Creation myths develop in oral traditions and therefore typically have multiple versions; found throughout human culture, they are the most common form of myth.

====Omne Vivum ex Ovo (Cosmic Egg)====

The cosmic egg is a mythological motif found in the cosmogonies of many cultures and civilizations, including in Proto-Indo-European mythology. Typically, there is an egg which, upon "hatching", either gives rise to the universe itself or gives rise to a primordial being who, in turn, creates the universe. The egg is sometimes lain on the primordial waters of the Earth. Typically, the upper half of the egg, or its outer shell, becomes the heaven (firmament) and the lower half, or the inner yolk, becomes the Earth. The motif likely stems from simple elements of an egg, including its ability to offer nourishment and give rise to new life, as is reflected by the Latin proverb omne vivum ex ovo ('all life comes from an egg').

===Primordial Chaos===

Chaos (Ancient Greek: χάος, romanized: kháos) (aka Primordial Chaos, Primordial Void) is the mythological void state preceding the creation of the universe (the cosmos) in Greek creation myths. In Christian theology, the same term is used to refer to the gap or the abyss created by the separation of heaven and earth. In Norse mythology, Ginnungagap (old Norse: [ˈɡinːoŋɡɑˌɡɑp]; "gaping abyss", "yawning void") is the primordial void mentioned in the Gylfaginning, the Eddaic text recording Norse cosmogony. In Chinese mythology, the state of existence before the creation of the universe is often referred to as Hundun (混沌), which translates to "primordial chaos" - essentially a formless, undifferentiated state where everything was mixed together before the creation deity, Pangu, separated heaven and earth.

===Creation of mankind from clay===

The creation of man from clay is a theme that recurs throughout numerous world religions and mythologies.

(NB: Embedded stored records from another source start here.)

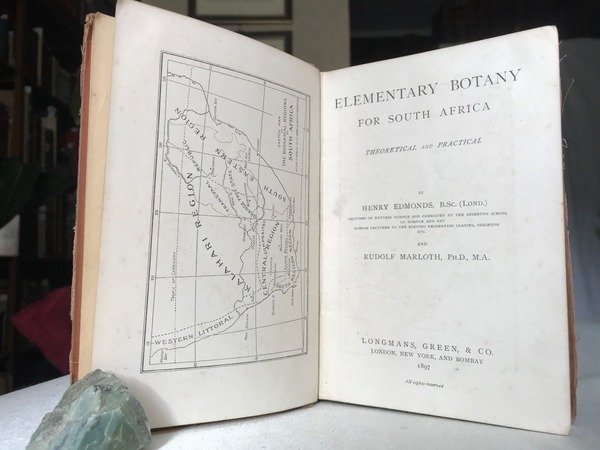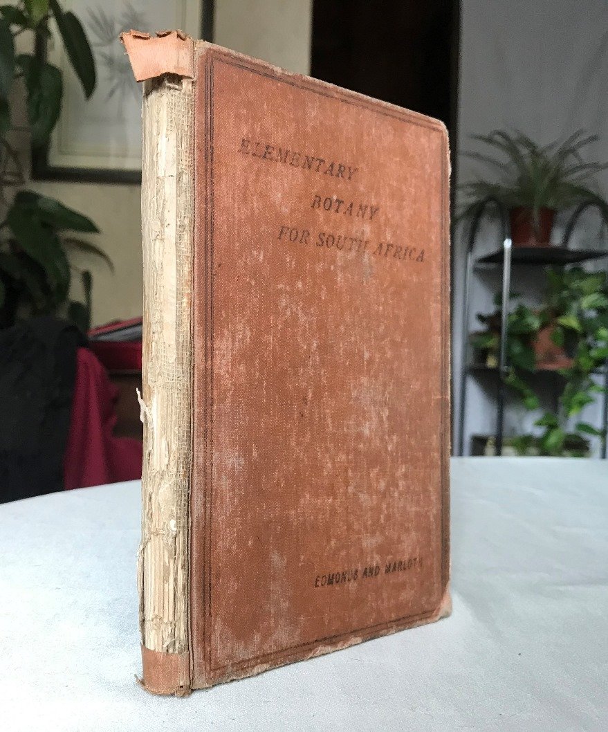 Volume in 8, legato in tela editoriale (dorso mancante), titolo al piatto, sguardie, tavola dantiporta con la mappa delle Regioni del Sud Africa, frontespizio, prefazione, sommario, carta derrata, (8) 208 pp., numerosissime (282) illustrazioni n.t. Interessante repertorio sulla vegetazione del Sud Africa, preceduto da una trattazione di botanica generale: struttura dei semi, germinazione, ramificazioni, innesti, strutture e funzioni dei fiori, frutti, semi, ecc., seguito dalla trattazione sulla vegetazione particolare per ogni regione del sud Africa, il tutto arricchito dalle numerosissime illustrazioni esplicative, da un elenco delle piante menzionate e da un indice dei termini usati. A parte le mende e mancanze alla legatura, il volume in bello stato, qualche piccola annotazione a matita, ben legato e fruibile. Particolare, interessante e davvero poco comune.
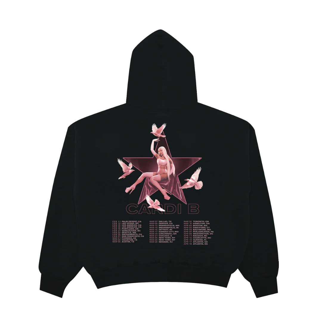 Features "Little Miss Drama" on the front and a graphic of Cardi B and tour dates on the back.
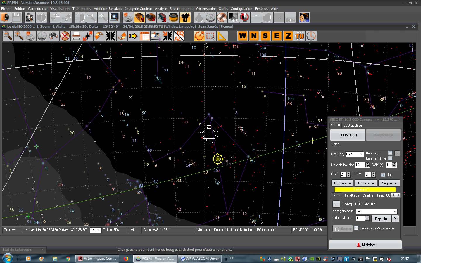 SI je comprends bien, chaque fois que que je maintiens pressé le clic gauche et que je "drag" la carte, le symbole de la CCD (rectangle blanc) suit le déplacement de la carte . J'ai bien observé que le symbole du télescope (rond jaune) , lui, ne bouge pas de la position où il pointe, bien sur.

In the Epic of Gilgamesh, Enkidu is created by the goddess Aruru out of clay. In Greek mythology, Prometheus molded men out of water and earth. Per the Hebrew Bible, (Genesis 2:7) "And the Lord God formed man of the dust of the ground, and breathed into his nostrils the breath of life; and man became a living soul". In Hindu mythology, the mother of Ganesh, Parvati, made Ganesh from her skin. In Chinese mythology (see Chu Ci and Imperial Readings of the Taiping Era), Nüwa molded figures from the yellow earth, giving them life and the ability to bear children.

====First Humans====

A protoplast, from ancient Greek πρωτόπλαστος (prōtóplastos, "first-formed"), in a religious context initially referred to the first human or, more generally, to the first organized body of progenitors of mankind in a creation myth.

Numerous examples exist throughout history of a human couple being the progenitors of the entire human species. This would include, but not limited to Adam and Eve of Abrahamism, Ask and Embla of Norse mythology, and Fuxi and Nüwa from Chinese mythos.

In Hindu mythology, Manu refers to the archetypal man. In Sanskrit the term for 'human', मानव (IAST: mānava) means 'of Manu' or 'children of Manu'. The Manusmriti is an ancient legal text and constitution among the many Dharmaśāstras of Hinduism and is believed to be a discourse given by Manu.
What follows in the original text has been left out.